Surely that was what the internet was for, even in a mean old man’s drafty castle.
But she looked up again and had to admit that despite the triumph of muscle and sinew that made him into something like art, it was his face that seemed to stake a claim deep within her. That stern, forbidding, uncompromising face.
She was already breathless, but that face made it worse.
Those dark eyes of his looked black from a distance but she knew, close up, that they contained threads of gold and the hint of green.
He had a nose that made her think of predatory things—raptors, perhaps.
Or great hawks. His mouth was stern and unsmiling, but the trouble was, she knew what he could do with it.
It felt like minimizing him to say that he was beautiful, because a word like that could not begin to contain him or describe him. It was too…soft.
When everything about this man was hard. Looking at him felt the way she imagined it would feel to be a bit of coal crushed down into diamonds.
And yet, just like on the day of her brother’s wedding, she couldn’t bring herself to look away from him.
Pau Calixto, the man who had ruined her father, according to the whispers in the cellars. The man who was in cahoots with her surprisingly devious brother, a shock to all, but especially to Umberto, who had imagined he was making a deal with Pau himself.

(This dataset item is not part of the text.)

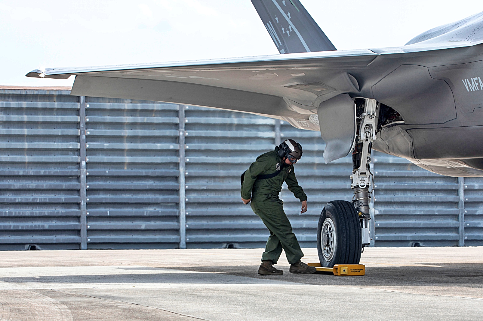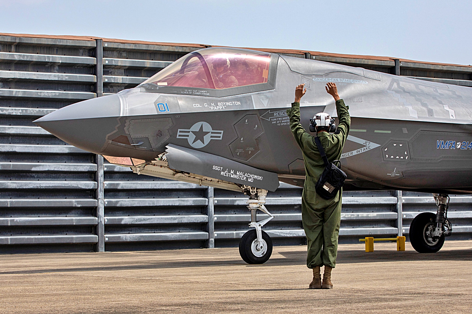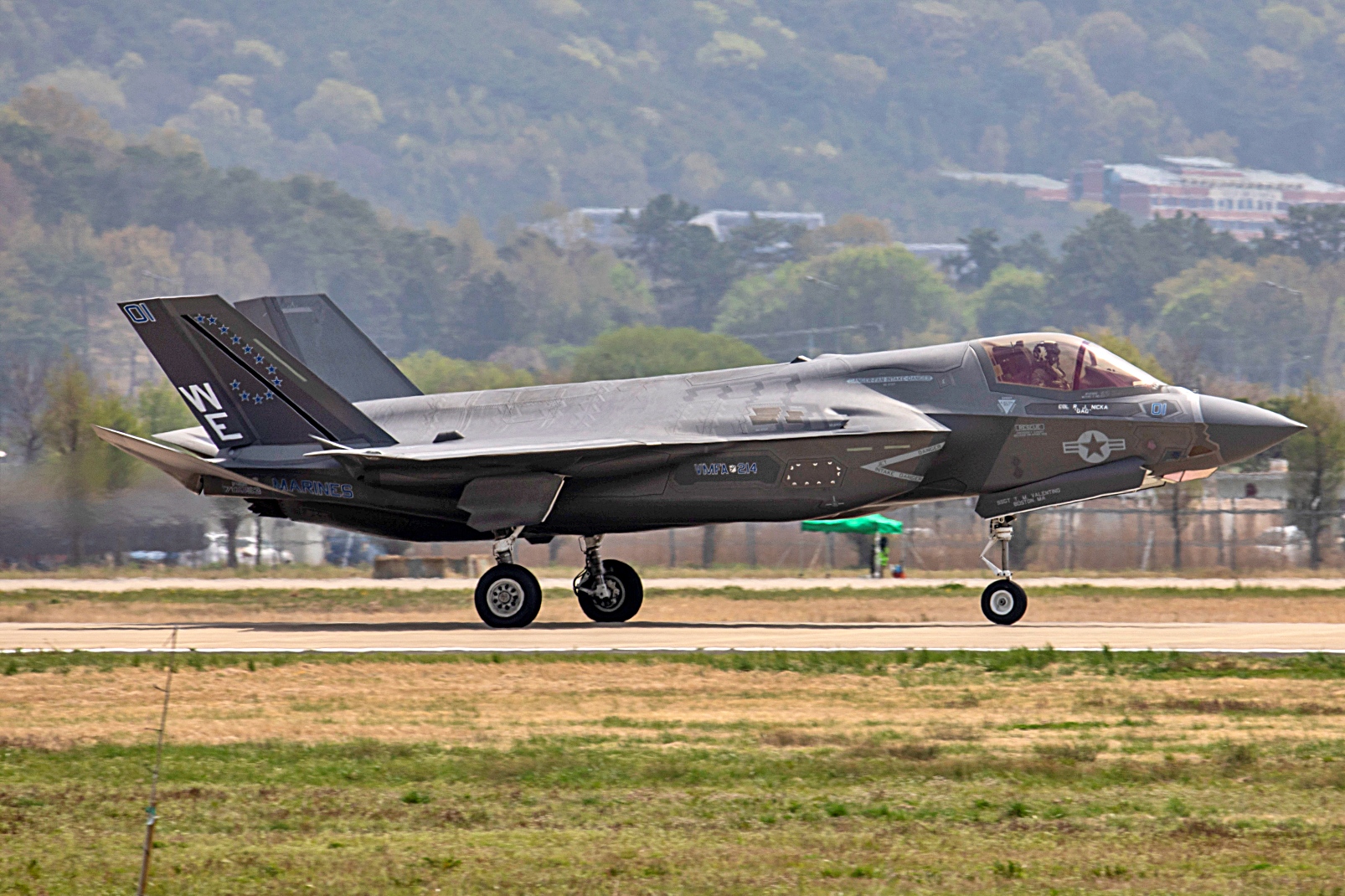 미국 해병대 제1해병항공단 12해병항공군을 지원하기 위해 일본 Iwakuni 해병항공기지에 전개한 애리조나 주 Yuma 해병대 항공 기지의 3 해병항공단 13해병항공군 소속 VMFA-214 해병전투공격비행대의 F-35B Lighting II 공격기가 2025년 4월 17일 광주 공군기지에서 ' Freedom Flag 25-1 ' 훈련에 참가하기위해 광주기지에 착륙했다.

Pau Calixto, the man who was, though he didn’t know it yet, the father of her baby.
Leontina forced herself to smile. She wished, suddenly, that she’d thought to pack something a little bit more elegant than the shapeless, serviceable dress she’d been wearing since leaving Tuscany.
But she couldn’t do anything about that. There was only this.
Her exit strategy whether he liked it or not.
“Hello, Pau,” she said, not exactly brightly. Though not, perhaps, as measured as she might have liked, either. “You might want to brace yourself. I’m afraid I’ve come with some potentially difficult news.”